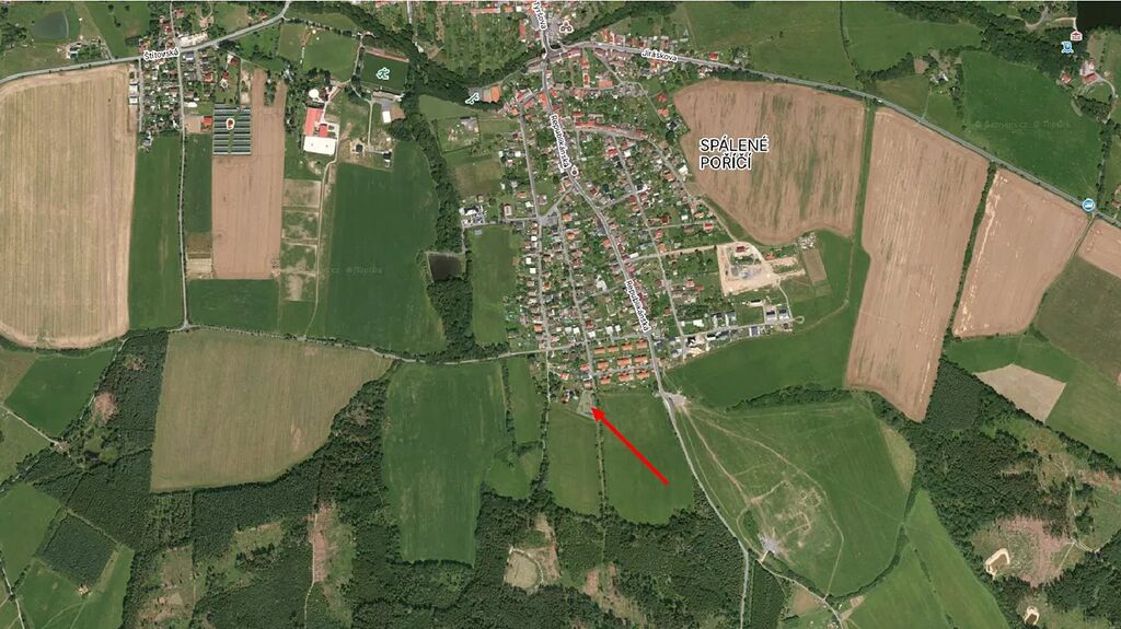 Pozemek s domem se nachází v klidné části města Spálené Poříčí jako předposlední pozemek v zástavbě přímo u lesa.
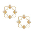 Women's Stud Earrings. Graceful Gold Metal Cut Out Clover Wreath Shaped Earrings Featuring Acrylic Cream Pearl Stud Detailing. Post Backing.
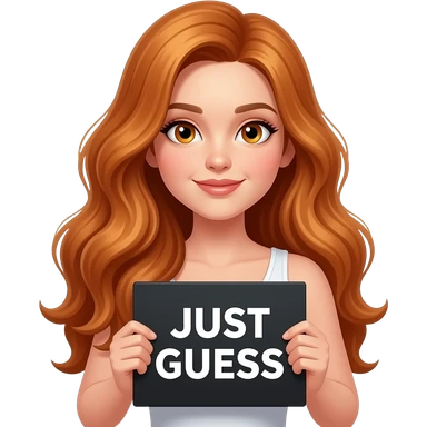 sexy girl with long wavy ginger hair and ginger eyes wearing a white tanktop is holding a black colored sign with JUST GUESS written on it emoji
☆ ☆ ☆
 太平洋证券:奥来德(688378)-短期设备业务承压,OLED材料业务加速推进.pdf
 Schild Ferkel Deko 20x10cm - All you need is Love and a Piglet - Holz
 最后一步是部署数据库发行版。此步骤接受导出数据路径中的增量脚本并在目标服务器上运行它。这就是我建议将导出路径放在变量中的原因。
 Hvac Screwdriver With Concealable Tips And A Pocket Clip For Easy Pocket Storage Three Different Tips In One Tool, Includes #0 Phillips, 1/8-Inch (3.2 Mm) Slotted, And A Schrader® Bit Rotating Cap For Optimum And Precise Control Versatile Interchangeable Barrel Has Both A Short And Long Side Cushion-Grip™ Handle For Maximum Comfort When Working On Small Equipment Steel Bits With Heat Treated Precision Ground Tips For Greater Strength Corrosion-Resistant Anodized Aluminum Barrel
☆ ☆ ☆
» Task description
Taking the entries above, restate exactly those lines that fall between the line with "Schild Ferkel Deko" and the line with "Hvac Screwdriver With", keeping both of those lines too.

» Expected output
 Schild Ferkel Deko 20x10cm - All you need is Love and a Piglet - Holz
 最后一步是部署数据库发行版。此步骤接受导出数据路径中的增量脚本并在目标服务器上运行它。这就是我建议将导出路径放在变量中的原因。
 Hvac Screwdriver With Concealable Tips And A Pocket Clip For Easy Pocket Storage Three Different Tips In One Tool, Includes #0 Phillips, 1/8-Inch (3.2 Mm) Slotted, And A Schrader® Bit Rotating Cap For Optimum And Precise Control Versatile Interchangeable Barrel Has Both A Short And Long Side Cushion-Grip™ Handle For Maximum Comfort When Working On Small Equipment Steel Bits With Heat Treated Precision Ground Tips For Greater Strength Corrosion-Resistant Anodized Aluminum Barrel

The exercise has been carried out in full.